REQUIREMENT: Reproduce the entries in full and exactly. Pictures stay out.

RECORDS FOR THE TASK:
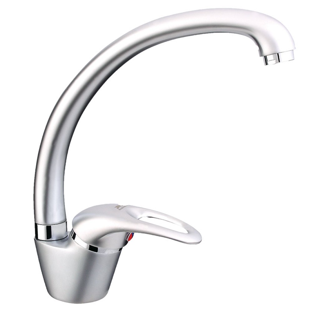 Смеситель для кухни "Mars Т -33" (Rubineta) серебро, однорычажный с высоким изогнутым изливом
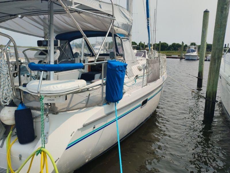 This 1998 Catalina 380 (HIN: CTYJ0110L798), a Gerry Douglas design, is a proven cruiser named Cruising Worlds 1997 Mid-Size Cruiser of the Year. Meticulously maintained by its owner in Southport, NC, this vessel is in very good condition, boasting a reliable propulsion system, brand-new rigging (June 2021), and well-maintained sails. With recent upgrades like a new generator, solar panels, and bow thruster, its ready for your next adventure along the Southeast Intracoastal or beyond.
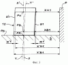 Следует отметить, что способ согласно изобретению можно упростить по сравнению с предпочтительным вариантом выполнения, описанным выше. Это означает, что вместо выполнения двух измерений на противоположных образующих компонента в каждой измерительной плоскости можно выполнять только одно измерение на уровне верхней и нижней точек между прямой линией отсчета и одной из образующих компонента. Аналогичным образом вместо выполнения измерений в двух плоскостях отсчета, перпендикулярных друг другу, можно ограничиться измерениями только в одной из этих плоскостей, что приводит к отказу от одной из пар микрометров и от соответствующего стержня отсчета. Кроме того, каждая прямая линия отсчета, используемая для измерения, может быть образована не образующей G или G’ стержня Т или Т’ отсчета, а любым другим образом без отклонения от идеи изобретения. Наконец, следует отметить, что указанная горизонтальная ориентация опорной плоскости PS не является обязательной, если обеспечивается плотный контакт между круговой лицевой поверхностью компонента и этой опорной плоскостью с помощью механических, пневматических или других средств. В результате изменяется ориентация лазерных микрометров.
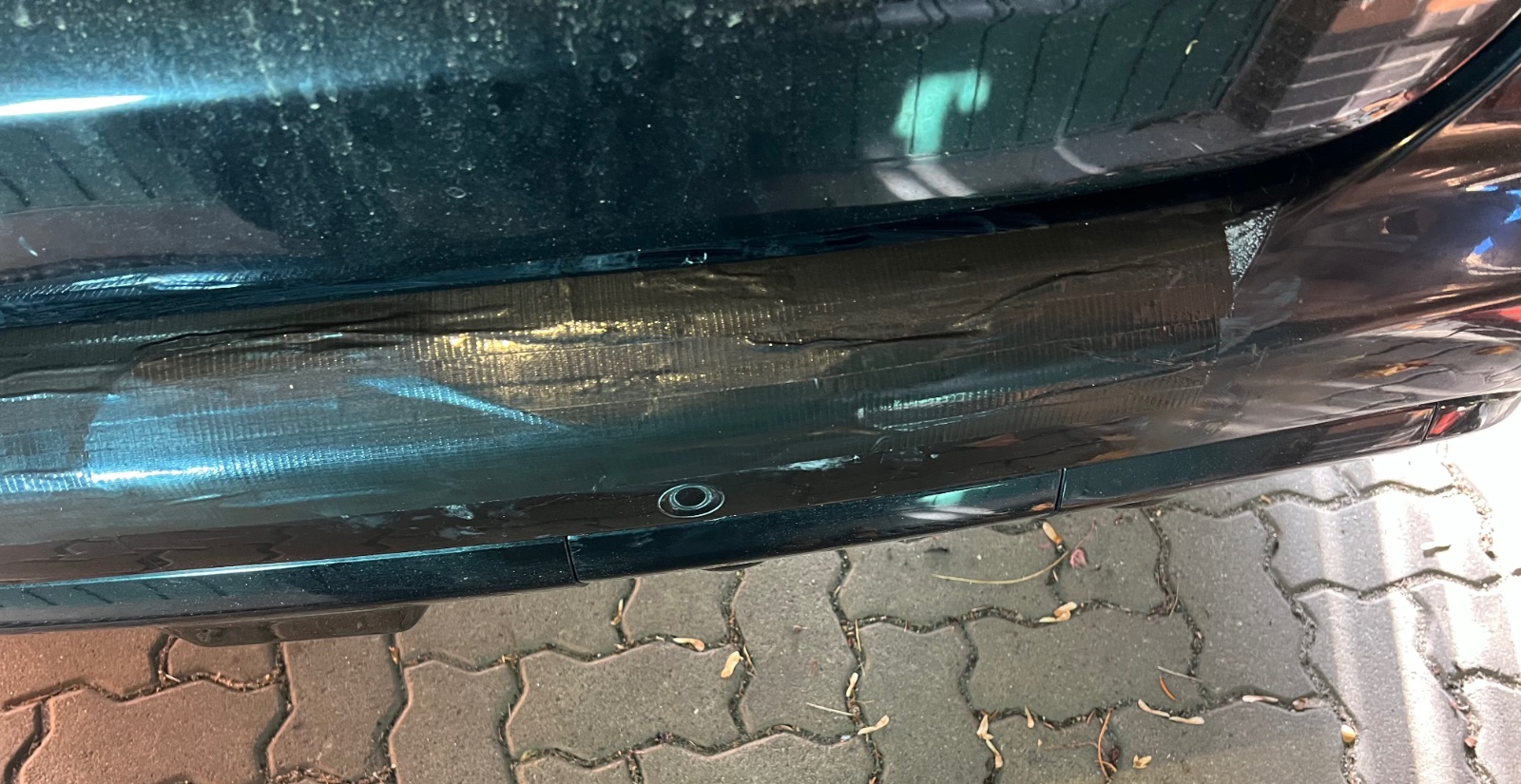 Also habe ich alles notdürftig von außen verklebt und dann erst einmal mit schwarzen Panzerband überklebt. Die Stoßstange ist nun wieder montiert. Jetzt bin auf der Suche nach einer gebrauchten, möglichst in der Farbe 197
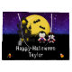 Diese lustige und spukhafte Geschenktasche kann mit einem Namen oder Titel, wie Tochter, Enkelin, Nichte, Freund etc. personalisiert werden. Es verfügt über niedliche Vampire neben einem gekreuzten Spuk Haus. Im Hintergrund ist ein Vollmond mit Fledermäusen und ein lila Nachthimmel mit Sternen. Das ist perfekt zu Halloween.
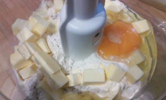 В блендере соединить муку, соль, свежемолотый перец, холодное масло, порезанное мелким кубиком и яйцо. Замесить тесто.
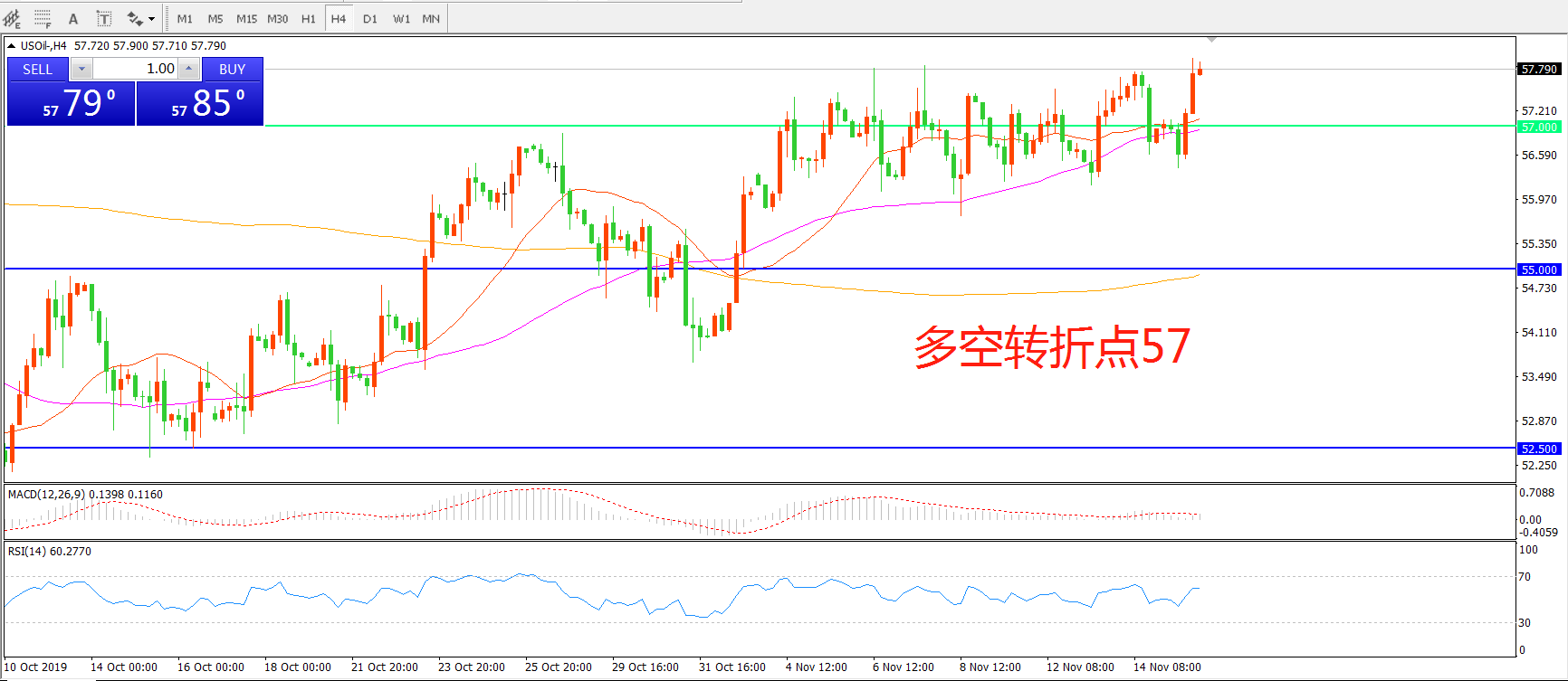 多空转折点:57.00
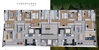 Área privativa: Unidades tipo: 162 m², Coberturas duplex: até 318 m²
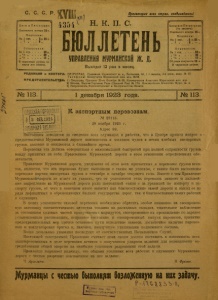 Бюллетень Управления Мурманской ж. д. 1923 г. № 113.
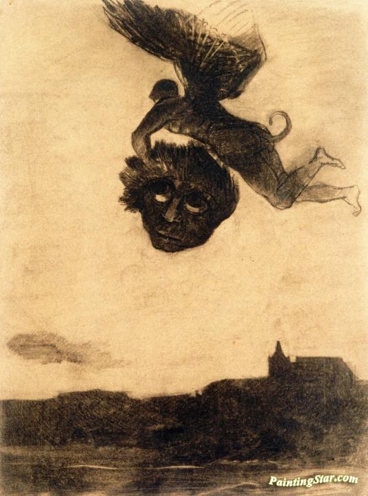 Winged Demon In The Air, Holding A Mask, Art Painting by Odilon Redon
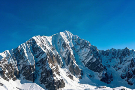 Majestic Snow Covered Mountain Peak Against Clear Blue Sky Capturing Tranquil Winter Landscape Beauty and Serene Wilderness.
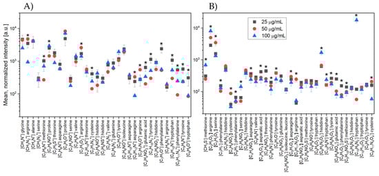 The graph in Figure 6A shows the mean normalized intensities for most of the characteristic peaks (in positive polarity) of amino acids. For the ions for which a statistically significant difference was found between the intensities for the three selected concentrations of the GOPS silane-functionalized silicon substrate, the designation “*” was assigned. For positively charged ions, statistically significant differences were found for 14 out of 32 masses placed on the diagram; in most cases, the highest intensities were obtained for the lowest concentration (25 µg/mL). The results obtained for the negative polarization confirmed the relationships found using the positive polarization.

RESPONSE AREA:
 Смеситель для кухни "Mars Т -33" (Rubineta) серебро, однорычажный с высоким изогнутым изливом
 This 1998 Catalina 380 (HIN: CTYJ0110L798), a Gerry Douglas design, is a proven cruiser named Cruising Worlds 1997 Mid-Size Cruiser of the Year. Meticulously maintained by its owner in Southport, NC, this vessel is in very good condition, boasting a reliable propulsion system, brand-new rigging (June 2021), and well-maintained sails. With recent upgrades like a new generator, solar panels, and bow thruster, its ready for your next adventure along the Southeast Intracoastal or beyond.
 Следует отметить, что способ согласно изобретению можно упростить по сравнению с предпочтительным вариантом выполнения, описанным выше. Это означает, что вместо выполнения двух измерений на противоположных образующих компонента в каждой измерительной плоскости можно выполнять только одно измерение на уровне верхней и нижней точек между прямой линией отсчета и одной из образующих компонента. Аналогичным образом вместо выполнения измерений в двух плоскостях отсчета, перпендикулярных друг другу, можно ограничиться измерениями только в одной из этих плоскостей, что приводит к отказу от одной из пар микрометров и от соответствующего стержня отсчета. Кроме того, каждая прямая линия отсчета, используемая для измерения, может быть образована не образующей G или G’ стержня Т или Т’ отсчета, а любым другим образом без отклонения от идеи изобретения. Наконец, следует отметить, что указанная горизонтальная ориентация опорной плоскости PS не является обязательной, если обеспечивается плотный контакт между круговой лицевой поверхностью компонента и этой опорной плоскостью с помощью механических, пневматических или других средств. В результате изменяется ориентация лазерных микрометров.
 Also habe ich alles notdürftig von außen verklebt und dann erst einmal mit schwarzen Panzerband überklebt. Die Stoßstange ist nun wieder montiert. Jetzt bin auf der Suche nach einer gebrauchten, möglichst in der Farbe 197
 Diese lustige und spukhafte Geschenktasche kann mit einem Namen oder Titel, wie Tochter, Enkelin, Nichte, Freund etc. personalisiert werden. Es verfügt über niedliche Vampire neben einem gekreuzten Spuk Haus. Im Hintergrund ist ein Vollmond mit Fledermäusen und ein lila Nachthimmel mit Sternen. Das ist perfekt zu Halloween.
 В блендере соединить муку, соль, свежемолотый перец, холодное масло, порезанное мелким кубиком и яйцо. Замесить тесто.
 多空转折点:57.00
 Área privativa: Unidades tipo: 162 m², Coberturas duplex: até 318 m²
 Бюллетень Управления Мурманской ж. д. 1923 г. № 113.
 Winged Demon In The Air, Holding A Mask, Art Painting by Odilon Redon
 Majestic Snow Covered Mountain Peak Against Clear Blue Sky Capturing Tranquil Winter Landscape Beauty and Serene Wilderness.
 The graph in Figure 6A shows the mean normalized intensities for most of the characteristic peaks (in positive polarity) of amino acids. For the ions for which a statistically significant difference was found between the intensities for the three selected concentrations of the GOPS silane-functionalized silicon substrate, the designation “*” was assigned. For positively charged ions, statistically significant differences were found for 14 out of 32 masses placed on the diagram; in most cases, the highest intensities were obtained for the lowest concentration (25 µg/mL). The results obtained for the negative polarization confirmed the relationships found using the positive polarization.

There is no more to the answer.